__Task instructions__. Would you retype the whole listing verbatim, keeping pictures out of it?

__Source material__.
----------
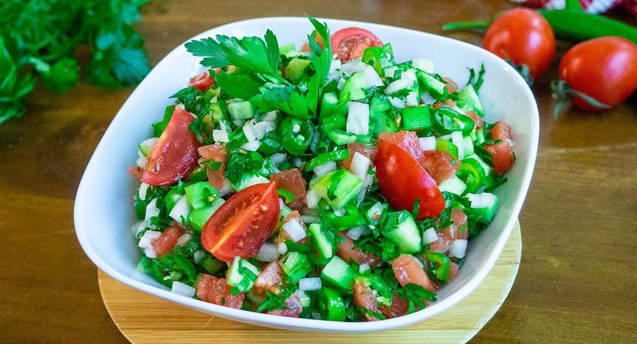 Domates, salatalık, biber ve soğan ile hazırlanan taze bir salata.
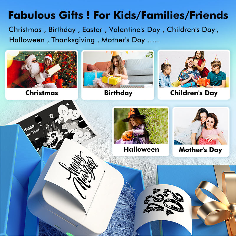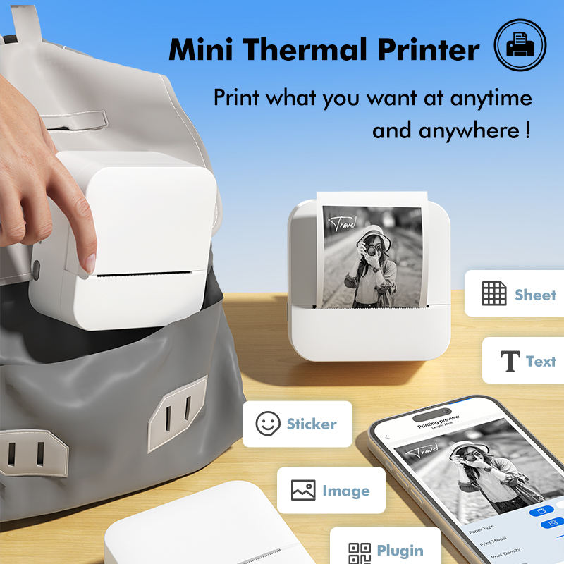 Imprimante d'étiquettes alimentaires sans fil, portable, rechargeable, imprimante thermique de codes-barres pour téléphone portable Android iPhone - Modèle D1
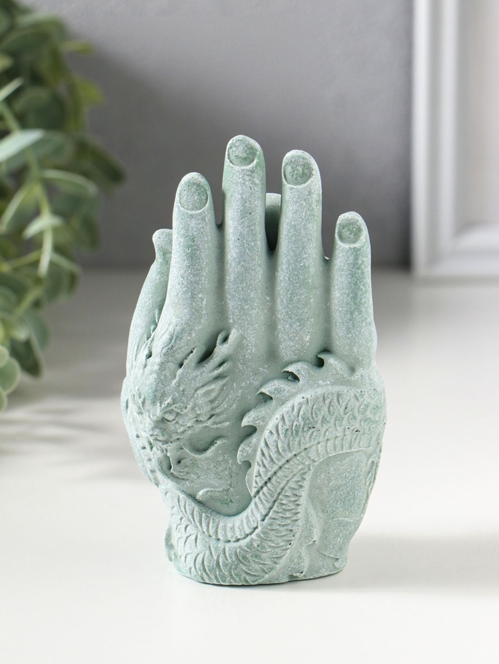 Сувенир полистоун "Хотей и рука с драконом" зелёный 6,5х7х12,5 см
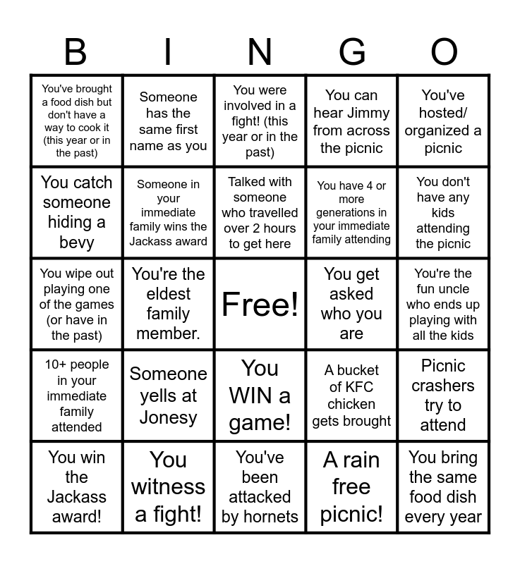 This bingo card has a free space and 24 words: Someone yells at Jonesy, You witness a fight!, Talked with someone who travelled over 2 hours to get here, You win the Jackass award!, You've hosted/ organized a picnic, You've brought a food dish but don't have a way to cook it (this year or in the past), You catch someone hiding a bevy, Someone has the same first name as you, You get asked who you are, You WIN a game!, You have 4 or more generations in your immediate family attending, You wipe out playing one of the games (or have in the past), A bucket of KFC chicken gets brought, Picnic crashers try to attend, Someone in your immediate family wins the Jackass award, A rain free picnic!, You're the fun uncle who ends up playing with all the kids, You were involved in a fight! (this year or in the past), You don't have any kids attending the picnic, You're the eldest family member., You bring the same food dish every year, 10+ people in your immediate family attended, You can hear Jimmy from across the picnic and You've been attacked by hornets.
----------
__Answer space__.
 Domates, salatalık, biber ve soğan ile hazırlanan taze bir salata.
 Imprimante d'étiquettes alimentaires sans fil, portable, rechargeable, imprimante thermique de codes-barres pour téléphone portable Android iPhone - Modèle D1
 Сувенир полистоун "Хотей и рука с драконом" зелёный 6,5х7х12,5 см
 This bingo card has a free space and 24 words: Someone yells at Jonesy, You witness a fight!, Talked with someone who travelled over 2 hours to get here, You win the Jackass award!, You've hosted/ organized a picnic, You've brought a food dish but don't have a way to cook it (this year or in the past), You catch someone hiding a bevy, Someone has the same first name as you, You get asked who you are, You WIN a game!, You have 4 or more generations in your immediate family attending, You wipe out playing one of the games (or have in the past), A bucket of KFC chicken gets brought, Picnic crashers try to attend, Someone in your immediate family wins the Jackass award, A rain free picnic!, You're the fun uncle who ends up playing with all the kids, You were involved in a fight! (this year or in the past), You don't have any kids attending the picnic, You're the eldest family member., You bring the same food dish every year, 10+ people in your immediate family attended, You can hear Jimmy from across the picnic and You've been attacked by hornets.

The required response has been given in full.